Taiwan ‘deeply regrets’ China’s threat against U.S. arms suppliers

Taipei,  Taiwan’s Ministry of Foreign Affairs (MOFA) on Monday expressed “deep regrets” in response to Beijing’s threats to sanction American companies that participate in the United States’ latest round of arms sales to Taiwan.

“Taiwan has been working hard to maintain peace and stability across the Taiwan Strait,” MOFA spokesperson Joanne Ou (歐江安) said in a statement.

“In the face of China’s military threats and coercions, our government has the responsibility to protect its people,” she said in defending the need for the weapons purchases.

Ou said Taiwan will continue to seek procurements of defense articles from the United States in accordance with the Taiwan Relations Act (TRA) and the Six Assurances, the guidelines used by Washington to deal with Taiwan.

Ou was responding to an announcement by Chinese Foreign Ministry spokesman Zhao Lijian (趙立堅) in Beijing earlier Monday that China will impose sanctions on Boeing Defense, Lockheed Martin Corp., and Raytheon Technologies Corp. for participating in U.S. arms sales to Taiwan.

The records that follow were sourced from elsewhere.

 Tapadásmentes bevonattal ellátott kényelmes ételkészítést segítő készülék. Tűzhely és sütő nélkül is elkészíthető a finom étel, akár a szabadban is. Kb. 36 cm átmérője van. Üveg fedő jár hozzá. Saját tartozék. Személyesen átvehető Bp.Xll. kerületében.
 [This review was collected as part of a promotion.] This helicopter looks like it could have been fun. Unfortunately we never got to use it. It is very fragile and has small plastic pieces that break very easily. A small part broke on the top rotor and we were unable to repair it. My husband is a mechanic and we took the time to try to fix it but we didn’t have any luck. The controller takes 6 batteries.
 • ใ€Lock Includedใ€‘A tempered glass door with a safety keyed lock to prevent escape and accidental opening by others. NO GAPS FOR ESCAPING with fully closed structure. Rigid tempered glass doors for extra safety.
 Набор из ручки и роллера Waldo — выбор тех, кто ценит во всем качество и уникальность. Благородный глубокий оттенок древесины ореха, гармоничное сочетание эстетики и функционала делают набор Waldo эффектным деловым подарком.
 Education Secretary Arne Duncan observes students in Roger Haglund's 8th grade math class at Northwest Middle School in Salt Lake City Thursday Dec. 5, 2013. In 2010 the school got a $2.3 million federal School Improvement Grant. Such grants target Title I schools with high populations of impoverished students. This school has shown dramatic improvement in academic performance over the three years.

The U.S. State Department approved three arms packages for Taiwan totaling US$1.8 billion, and submitted them to Congress for a final review on Oct. 21.

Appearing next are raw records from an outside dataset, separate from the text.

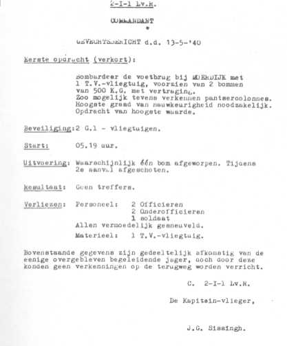 "Bombardeer met de grootst mogelijke nauwkeurigheid de verkeersbrug bij Moerdijk met mijnbommen van 300 kilogram met vertraging. Bescherming twee G1's, welke eventueel nog kunnen mitrailleren, doch niet ten koste van veiligheid T-V voor en tijdens bombardement. Het juiste treffen van de brug is thans van het grootste belang. Bemanning T-V en G1's moeten na deze actie z.m. tevens berichten of grote colonne's pantservoertuigen op of nabij de bruggen zijn waargenomen."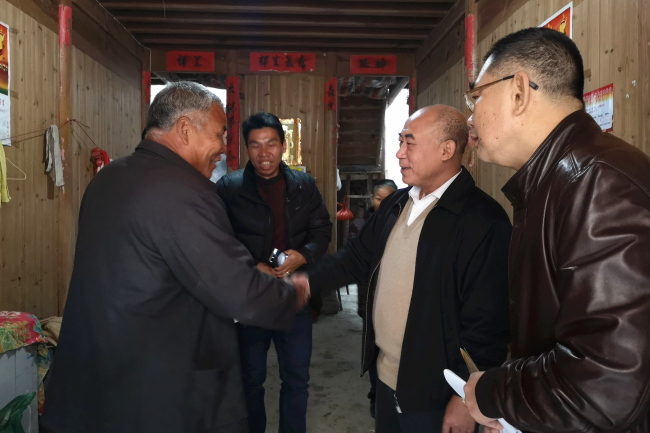 12月20日,福建省輕紡(控股)有限責任公司黨組書記、總經(jīng)理黃文定一行分別到周寧縣瑪坑鄉(xiāng)下坑村、禮門鄉(xiāng)梅渡村實地調(diào)研扶貧攻堅工作,看望駐村書記林繼業(yè)、張帆,并慰問當?shù)刎毨簟G嗌郊垬I(yè)黨委書記林小河、省鹽業(yè)集團公司常務副總經(jīng)理莊燦陽等陪同調(diào)研。
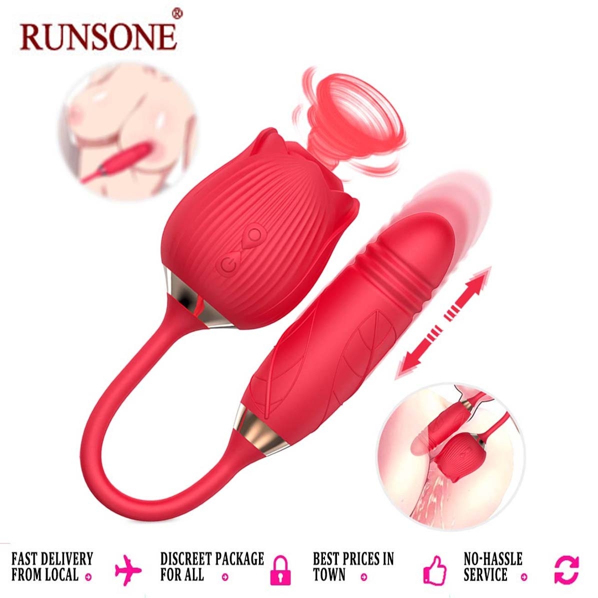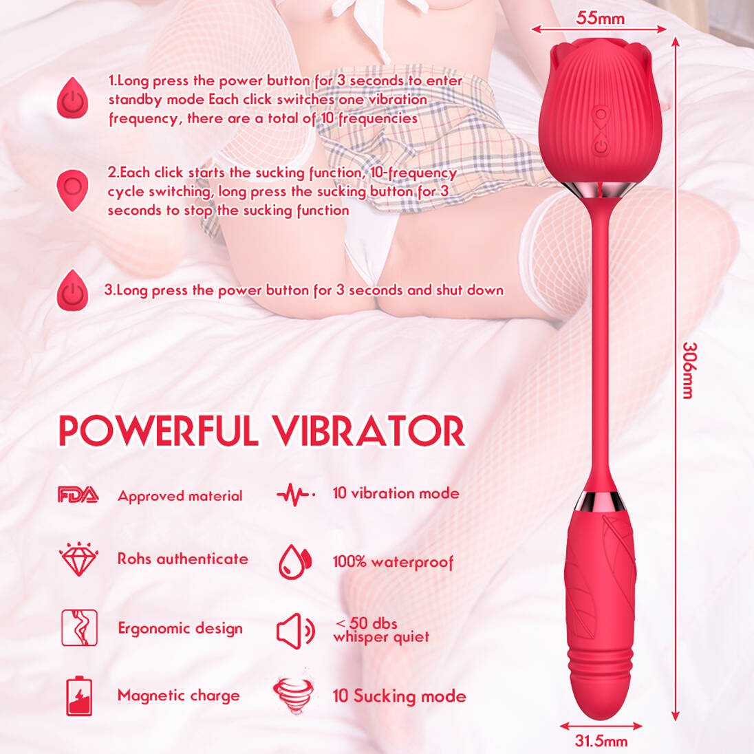 ❤ The rose clitoris vibrator is more than sucking sex toy, providing multifunction including sucking, thrusting & vibrating. The rose sucker and g spot dildo with 10 frequencies of vibration and sucking modes for double stimulations at the same time and achieve quick orgasm and extreme pleasure you have never had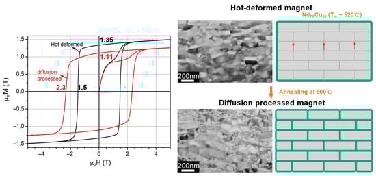 - Sawatzki, S.; Kübel, C.; Ener, S.; Gutfleisch, O. Grain boundary diffusion in nanocrystalline Nd-Fe-B permanent magnets with low-melting eutectics. Acta Mater. 2016, 115, 354–363. [Google Scholar] [CrossRef]

The packages include 135 AGM-84H Standoff Land Attack Missile Expanded Response (SLAM-ER) missiles, 11 High Mobility Artillery Rocket Systems (HIMARS) M142 Launchers, 6 MS-110 Recce Pods, and related equipment.

Su Tzu-yun (蘇紫雲), an associate research fellow at the government-funded Institute for National Defense and Security Research, told CNA recently that the significance of the latest round of arms deals was that they involved long-range weapons, unlike previous deals that only involved “passive defense systems.”

According to various defense websites, the SLAM-ER has a strike range of about 270 kilometers while that of HIMARS can reach 300 kilometers, covering some of China’s southeastern provinces.

The HIMARS, according to another security analyst, can even be carried onto a ship so that it can fire rockets or missiles at sea.

The possible sales came at a time when China, which sees Taiwan as part of its territory, continues to increase its military activities around Taiwan, such as live-fire drills and military maneuvers.

In October alone, at least 19 Chinese military planes have entered Taiwan’s air defense identification zone (ADIZ) as of Sunday, including one unmanned aerial vehicle.

On Sept. 19, as many as 19 Chinese military aircraft, including J-16 multirole strike fighters, either crossed the median line of the Taiwan Strait or entered Taiwan’s southwest ADIZ in one of China’s biggest shows of force near Taiwan recently.